WHAT IS BEING ASKED
Since the listing below shows pictures, leave them out and write out exactly the lines from the line with "Para participar es" to the line with "10月1日(金)、SL復活運", both included, and no others.
DATA SHOWN section start
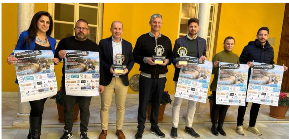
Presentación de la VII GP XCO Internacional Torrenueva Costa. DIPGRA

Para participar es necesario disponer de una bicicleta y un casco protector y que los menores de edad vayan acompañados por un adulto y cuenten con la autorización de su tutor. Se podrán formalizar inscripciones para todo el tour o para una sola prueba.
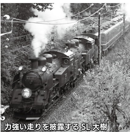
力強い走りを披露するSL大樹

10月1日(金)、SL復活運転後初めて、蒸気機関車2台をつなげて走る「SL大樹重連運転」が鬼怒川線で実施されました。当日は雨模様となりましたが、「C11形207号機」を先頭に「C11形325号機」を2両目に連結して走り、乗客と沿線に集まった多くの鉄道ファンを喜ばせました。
DATA SHOWN section end
DATA SHOWN section start
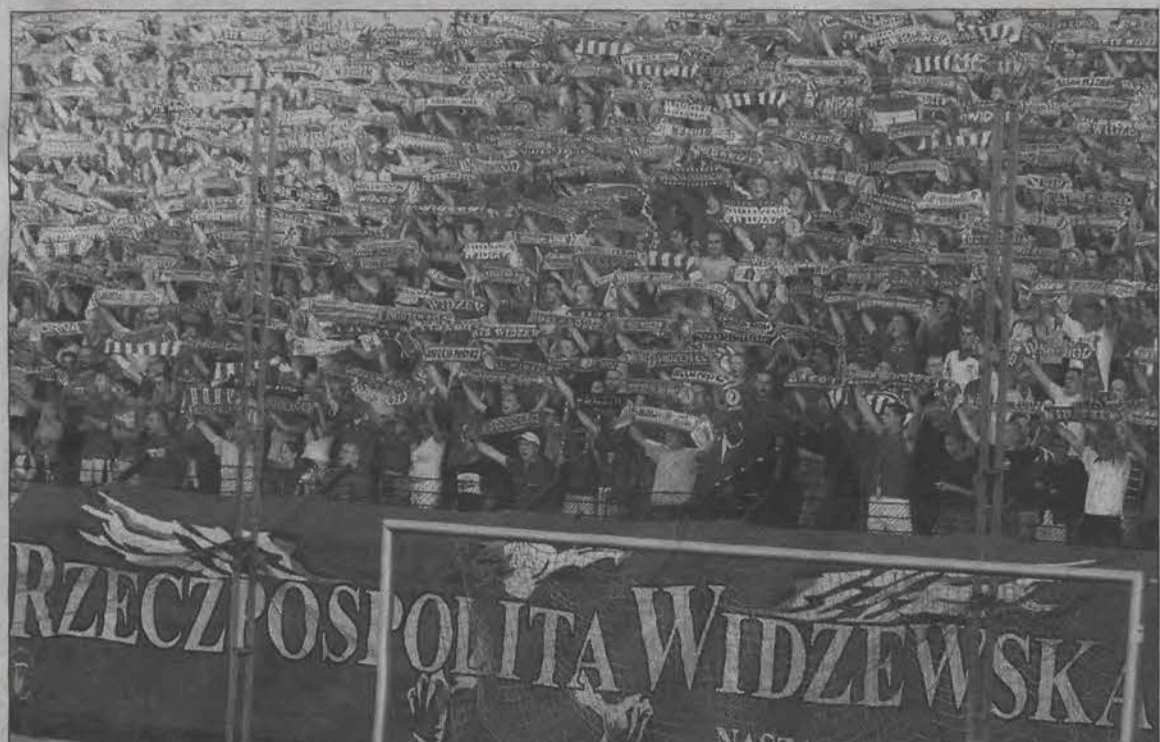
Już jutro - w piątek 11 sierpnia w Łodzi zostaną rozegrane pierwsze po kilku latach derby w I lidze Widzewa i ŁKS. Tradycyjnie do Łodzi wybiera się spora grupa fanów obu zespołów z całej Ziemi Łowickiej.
DATA SHOWN section end
WRITTEN RESPONSE
Para participar es necesario disponer de una bicicleta y un casco protector y que los menores de edad vayan acompañados por un adulto y cuenten con la autorización de su tutor. Se podrán formalizar inscripciones para todo el tour o para una sola prueba.
力強い走りを披露するSL大樹

10月1日(金)、SL復活運転後初めて、蒸気機関車2台をつなげて走る「SL大樹重連運転」が鬼怒川線で実施されました。当日は雨模様となりましたが、「C11形207号機」を先頭に「C11形325号機」を2両目に連結して走り、乗客と沿線に集まった多くの鉄道ファンを喜ばせました。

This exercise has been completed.